■ Work request
Look through the listing below for the line containing "站长广州联通家宽用Chrom". Copy it and each line after it up to and including the line containing "But the percentage", exactly, leaving out pictures.

■ Data provided
Segment Open

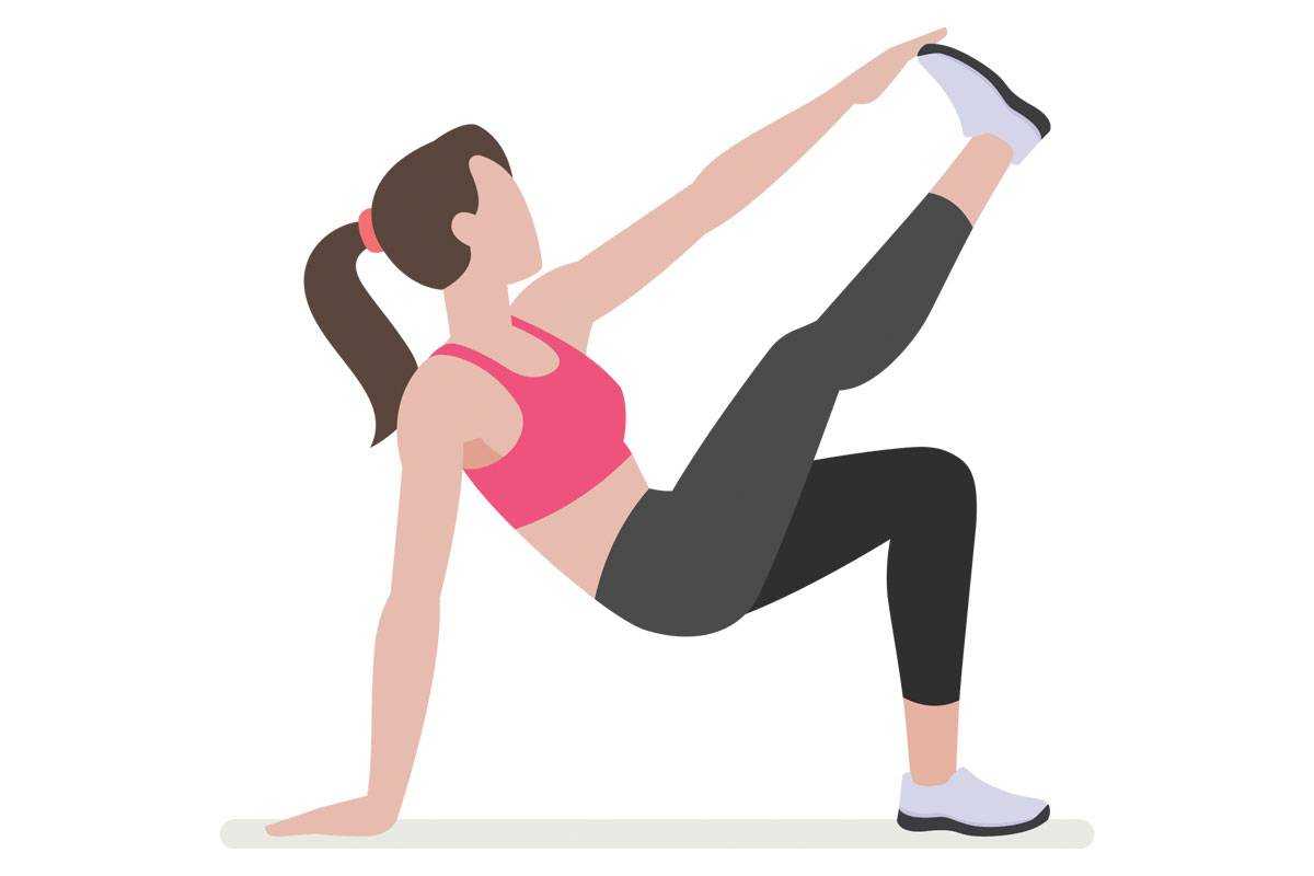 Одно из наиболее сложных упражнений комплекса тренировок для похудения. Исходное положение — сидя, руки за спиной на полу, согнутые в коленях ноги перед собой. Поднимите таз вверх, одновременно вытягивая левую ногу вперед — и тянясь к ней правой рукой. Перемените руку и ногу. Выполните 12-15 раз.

Segment Closed
Segment Open

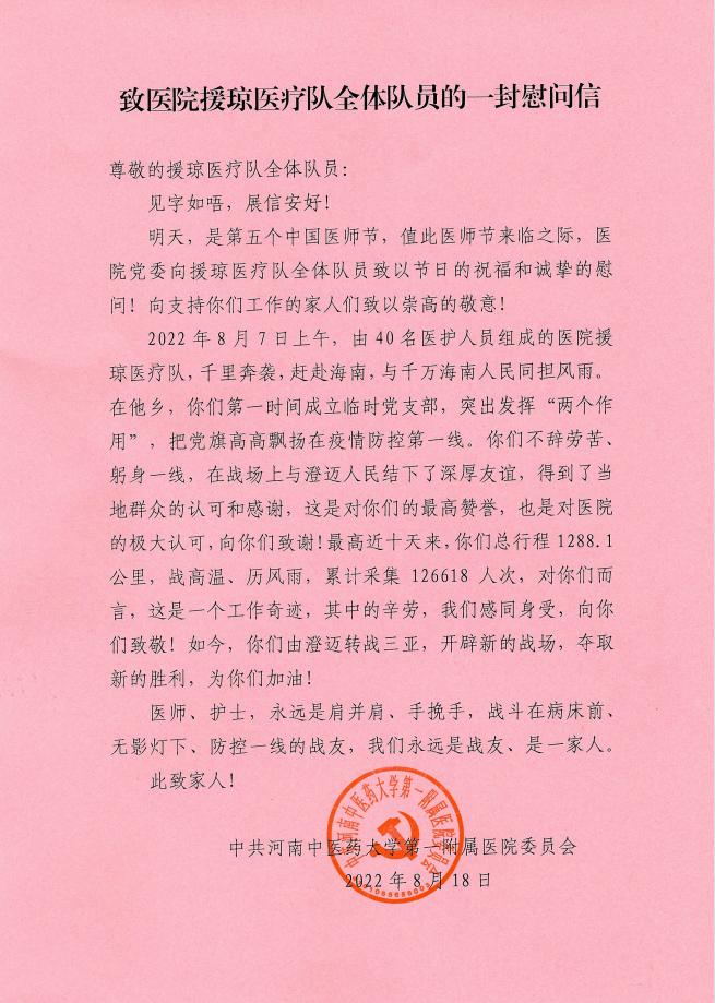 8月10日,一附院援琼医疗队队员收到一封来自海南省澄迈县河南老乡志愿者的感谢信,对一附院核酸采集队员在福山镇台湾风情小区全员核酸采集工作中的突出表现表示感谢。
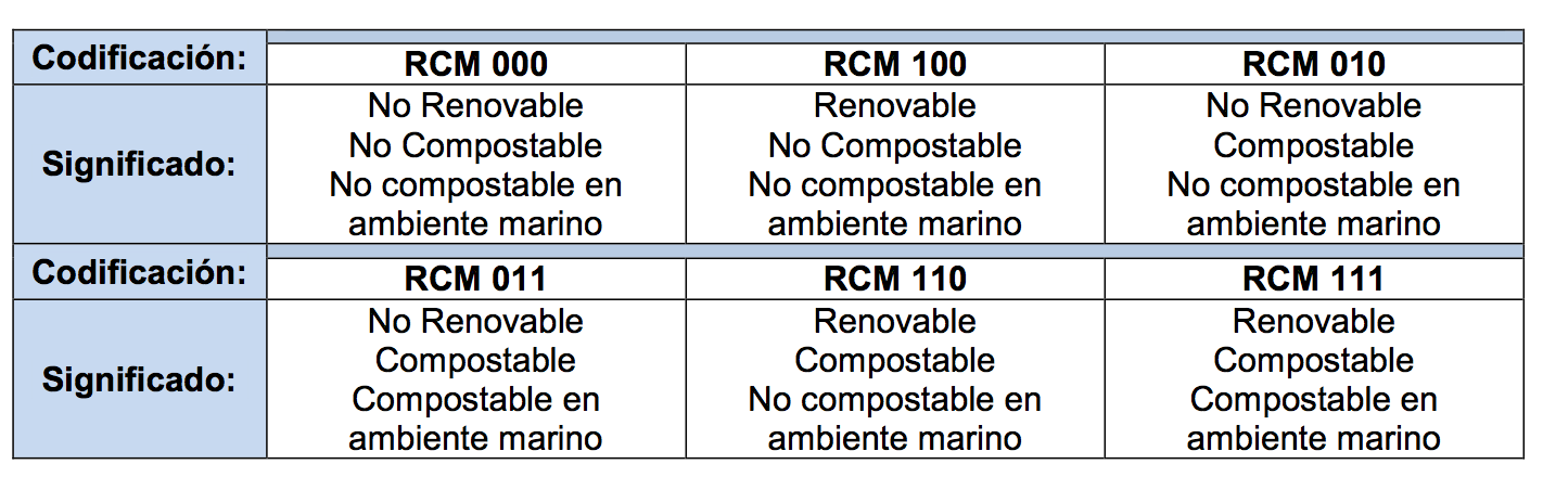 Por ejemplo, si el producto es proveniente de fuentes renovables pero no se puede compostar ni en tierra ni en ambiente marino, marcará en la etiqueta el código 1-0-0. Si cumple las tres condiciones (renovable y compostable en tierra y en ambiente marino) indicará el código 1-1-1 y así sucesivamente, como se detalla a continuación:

Segment Closed
Segment Open

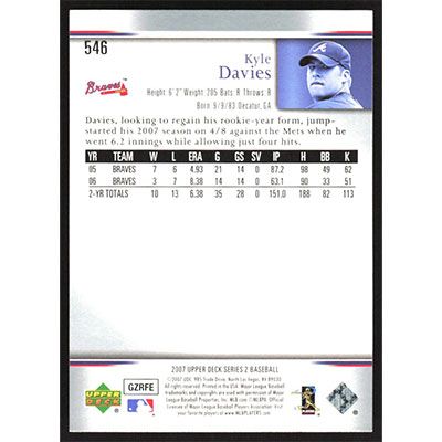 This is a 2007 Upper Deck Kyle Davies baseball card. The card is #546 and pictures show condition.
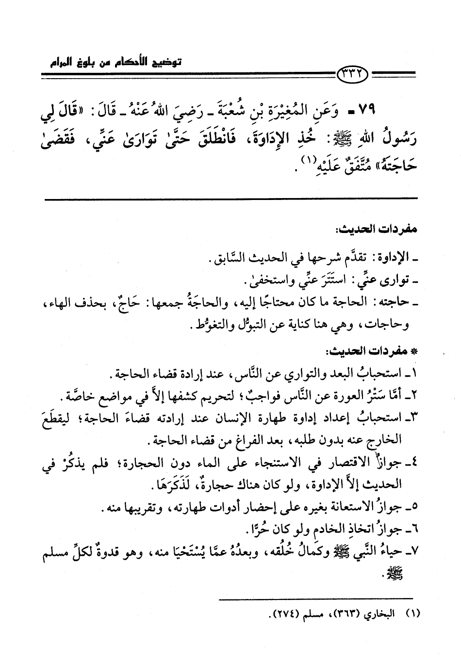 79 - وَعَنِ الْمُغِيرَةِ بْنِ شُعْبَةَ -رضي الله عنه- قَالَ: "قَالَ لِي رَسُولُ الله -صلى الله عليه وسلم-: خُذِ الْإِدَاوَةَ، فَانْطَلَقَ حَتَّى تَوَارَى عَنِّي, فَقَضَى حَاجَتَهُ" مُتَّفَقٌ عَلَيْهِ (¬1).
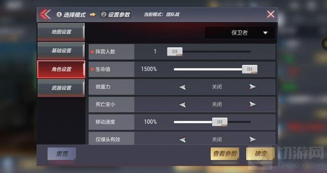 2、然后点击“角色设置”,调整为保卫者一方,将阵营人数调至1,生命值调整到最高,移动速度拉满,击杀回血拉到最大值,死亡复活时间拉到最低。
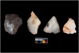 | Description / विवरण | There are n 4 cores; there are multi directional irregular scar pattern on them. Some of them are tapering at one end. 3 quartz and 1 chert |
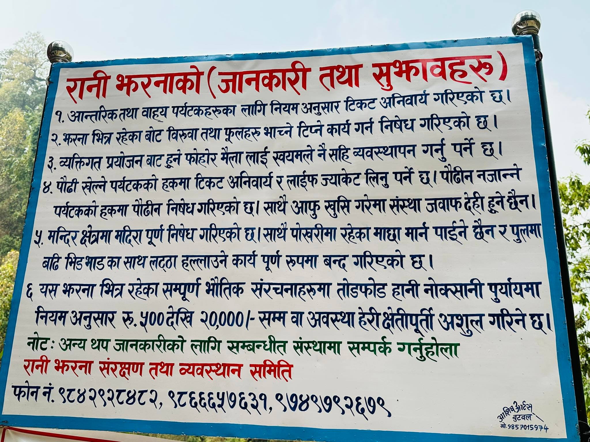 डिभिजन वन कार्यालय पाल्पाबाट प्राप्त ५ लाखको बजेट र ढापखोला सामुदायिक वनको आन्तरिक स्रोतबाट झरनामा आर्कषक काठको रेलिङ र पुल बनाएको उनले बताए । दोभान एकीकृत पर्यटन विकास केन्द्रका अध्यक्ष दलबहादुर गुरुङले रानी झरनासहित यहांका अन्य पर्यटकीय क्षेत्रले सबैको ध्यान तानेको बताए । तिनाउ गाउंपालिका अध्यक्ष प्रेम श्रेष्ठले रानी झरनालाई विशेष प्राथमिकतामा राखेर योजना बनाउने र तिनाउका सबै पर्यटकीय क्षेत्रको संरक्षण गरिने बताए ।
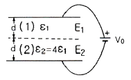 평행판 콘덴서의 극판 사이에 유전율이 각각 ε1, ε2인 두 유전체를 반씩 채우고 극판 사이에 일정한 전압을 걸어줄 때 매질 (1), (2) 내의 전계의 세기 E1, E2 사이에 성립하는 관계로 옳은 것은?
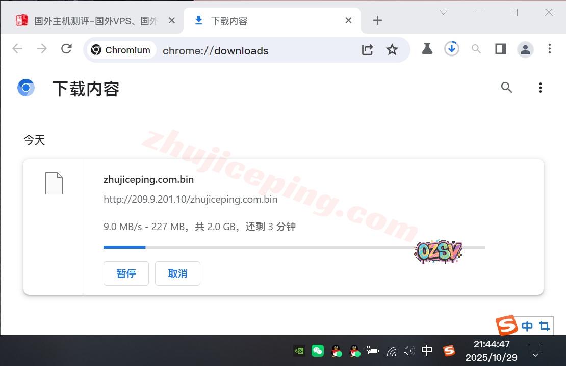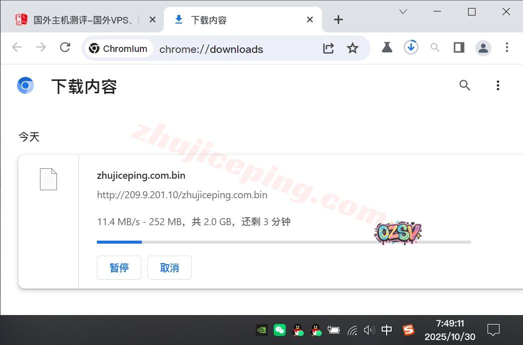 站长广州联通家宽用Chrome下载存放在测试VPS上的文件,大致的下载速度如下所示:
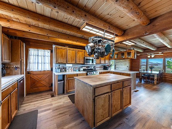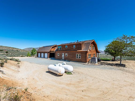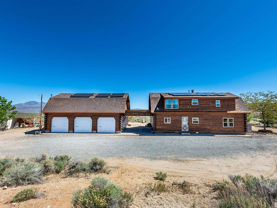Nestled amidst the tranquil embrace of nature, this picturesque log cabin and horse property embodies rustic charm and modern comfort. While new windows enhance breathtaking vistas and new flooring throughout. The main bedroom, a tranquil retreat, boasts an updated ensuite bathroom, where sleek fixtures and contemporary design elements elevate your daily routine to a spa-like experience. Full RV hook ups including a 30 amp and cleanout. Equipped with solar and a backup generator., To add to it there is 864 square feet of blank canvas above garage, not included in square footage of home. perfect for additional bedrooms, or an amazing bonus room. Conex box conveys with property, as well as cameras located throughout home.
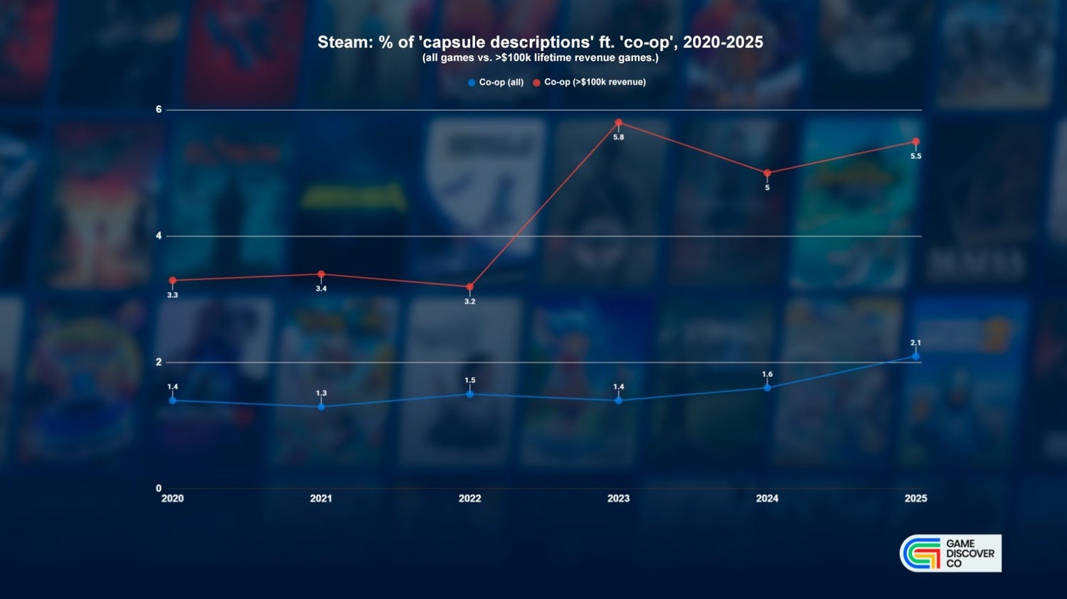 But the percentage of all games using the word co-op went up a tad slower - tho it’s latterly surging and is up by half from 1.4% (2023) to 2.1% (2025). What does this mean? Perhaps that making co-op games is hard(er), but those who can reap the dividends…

Segment Closed

■ Response area
 站长广州联通家宽用Chrome下载存放在测试VPS上的文件,大致的下载速度如下所示:
Nestled amidst the tranquil embrace of nature, this picturesque log cabin and horse property embodies rustic charm and modern comfort. While new windows enhance breathtaking vistas and new flooring throughout. The main bedroom, a tranquil retreat, boasts an updated ensuite bathroom, where sleek fixtures and contemporary design elements elevate your daily routine to a spa-like experience. Full RV hook ups including a 30 amp and cleanout. Equipped with solar and a backup generator., To add to it there is 864 square feet of blank canvas above garage, not included in square footage of home. perfect for additional bedrooms, or an amazing bonus room. Conex box conveys with property, as well as cameras located throughout home.
 But the percentage of all games using the word co-op went up a tad slower - tho it’s latterly surging and is up by half from 1.4% (2023) to 2.1% (2025). What does this mean? Perhaps that making co-op games is hard(er), but those who can reap the dividends…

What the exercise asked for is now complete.